Every Operator call next_.exec() To call the lower layer Operator Generate data :
class BaseOperator {
public:
BaseOperator(Plan* plan, BaseOperator* next) : plan_(plan), next_(next) {
}
~BaseOperator() {
}
virtual bool exec() = 0;
Plan* plan_;
BaseOperator* next_;
};
Storage engine
data structure
Because we are a memory database , So the data structure can be designed simply . Here, a batch of recorded memory is applied for each time , This can reduce the problem of memory fragmentation , Improve memory access efficiency . Then put the memory of this batch of records into FreeList in . When data is inserted , from FreeList Get a piece of memory for writing , And put in DataList. When data is deleted , Take data from DataList Return to FreeList in .
Transaction engine
Without considering concurrency , And the data does not need to be persistent , Our transaction engine design becomes relatively simple . Therefore, there is no need to implement complex MVCC Mechanism , Only need to be able to implement transactions Commit and Rollback Function can be .
Here we implement a undo stack The mechanism of , Update one row of data each time , Just take the old version of this line of data push To undo stack in . If the transaction rolls back , Then from undo stack The old version of the data one by one pop come out , Restore to the original data .
Index design
Because it only requires equivalent matching , So you can use the simplest hash Indexes .
Project library
Project structures,
Use large C/C++ The most commonly used CMake Tools .CMake It's a cross platform compilation tool .CMake Mainly write CMakeLists.txt File by cmake The order will CMakeLists.txt File to make The required Makefile file , Last use make Command compilation source code to generate executable program or library file .
cmake_minimum_required(VERSION 3.8)
project(ByteYoungDB)
set(CMAKE_CXX_STANDARD 11)
set(CMAKE_CXX_COMPILER "g++")
set(CMAKE_CXX_FLAGS "-g -Wall -Werror -std=c++17")
// O0 No optimization ,O2 Can do optimization
set(CMAKE_CXX_FLAGS_DEBUG "-O0")
set(CMAKE_CXX_FLAGS_RELEASE "-O2 -DNDEBUG ")
set(CMAKE_INSTALL_PREFIX "install")
set(CMAKE_LIBRARY_OUTPUT_DIRECTORY
${CMAKE_BINARY_DIR}/lib)
set(CMAKE_RUNTIME_OUTPUT_DIRECTORY
${CMAKE_BINARY_DIR}/bin)
include_directories(${CMAKE_SOURCE_DIR}/sql-parser/include)

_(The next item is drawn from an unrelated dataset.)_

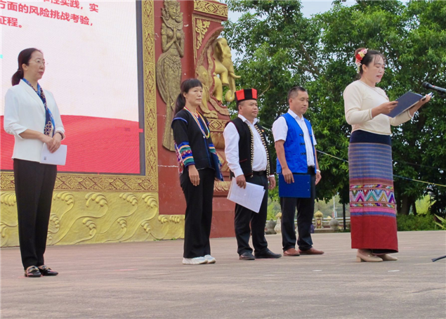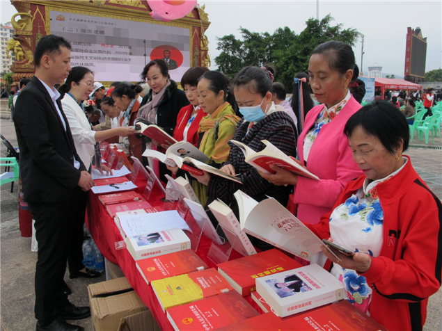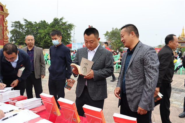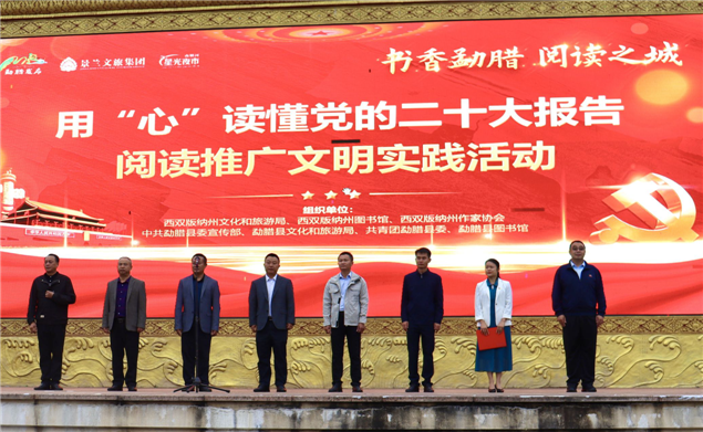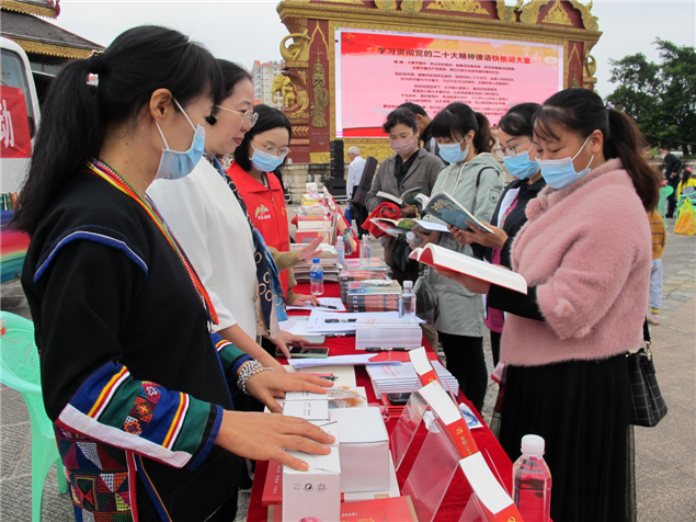 活动现场,5名群众分别用汉语、傣语、哈尼语、瑶语、彝语朗读党的二十大报告节选内容,传递党的声音,让党的二十大精神进基层、进村寨、进社区。在图书推荐阅读现场,州图书馆和勐腊县图书馆工作人员向读者们推荐党的二十大相关图书九种、《习近平谈治国理政》等红色经典文学作品和推荐扫码阅读相关红色电子图书。同时,州图书馆还向相关单位干部群众现场赠送《党的二十大报告》单行本和本土作家边八哥的文学作品《神象的女儿们》《失踪》《泥塘》;朱建峰的“热带雨林”系列儿童文学作品《之人象情》共200余册,勐腊县图书馆赠送期刊共50余册。州、市书法家协会书法爱好者挥毫泼墨现场书写党的二十大报告经典古语。现场摆放“用‘心’读懂党的二十大报告”和“党的二十大报告提到的10个中国古语”展板21块。勐腊县有关部门和单位、当地民众积极参与,活动还举行了诗朗诵及文艺表演等,文明阅读之风充溢勐腊县城。(文图:西双版纳州图书馆 张春华)

add_subdirectory(src/main)
add_subdirectory(src/sql-parser-test)
Reference study materials :
《CMake Cookbook Chinese version 》 - Bookset
Code store
compile
linux The system follows README.md Chinese compiler
Not linux Environmental Science , download sql-parser Library code ,make Generate libsqlparser.so, Replace the ByteYoungDB/sql-parser/lib/libsqlparser.so Under the table of contents
Harvest
parser
The parser supports lexical analysis 、 Syntax analysis 、 Semantic analysis . Lexical analysis and grammatical analysis rely on sql-parser Open source project implementation , This project realizes semantic analysis based on it
Optimzer
If there is where Conditions , Will generate filter A filtered plan tree
If the table structure is a,b,c The order of , But specify b,c,a Output , Then the optimizer will generate the corresponding plan tree as required
Because it does not support very complex queries , So there is nothing optimized
Executor
The actuator will be initialized first , According to the generated by the analyzer plan Structure generates corresponding operator Structure , Depth first traversal , Sir becomes the lowest , And then generate up
The lowest level actuator calls the interface of the storage engine to scan the table for table operation
The actuator executes according to the generated operator structure , Use volcanic models , Pass from top to bottom next() Function to call the lower level , Then return the result from the bottom up
Storage engine
The storage engine implements two linked lists , As in the data structure above
The structure of a piece of data is actually getting longer char Array , Then apply for the memory size according to the calculation
Every time you apply for memory, it will be saved to tupleGroups, It is convenient to release the memory in a unified way
Business
Design three undo type : Additions and deletions , It's a stack data structure
Input begin, Open transaction
With insert Operation as an example , In the storage engine , Will judge whether it is within the transaction , If it is , Then add undo
If the user makes rollback, Will undo Stack pop, To recover data
delete Operation carried out undo When restoring data, you need to put the corresponding memory into freelist For later operation
边栏推荐
- Fabric.js 将本地图像上传到画布背景
- Gee series: Unit 5 remote sensing image preprocessing [GEE grid preprocessing]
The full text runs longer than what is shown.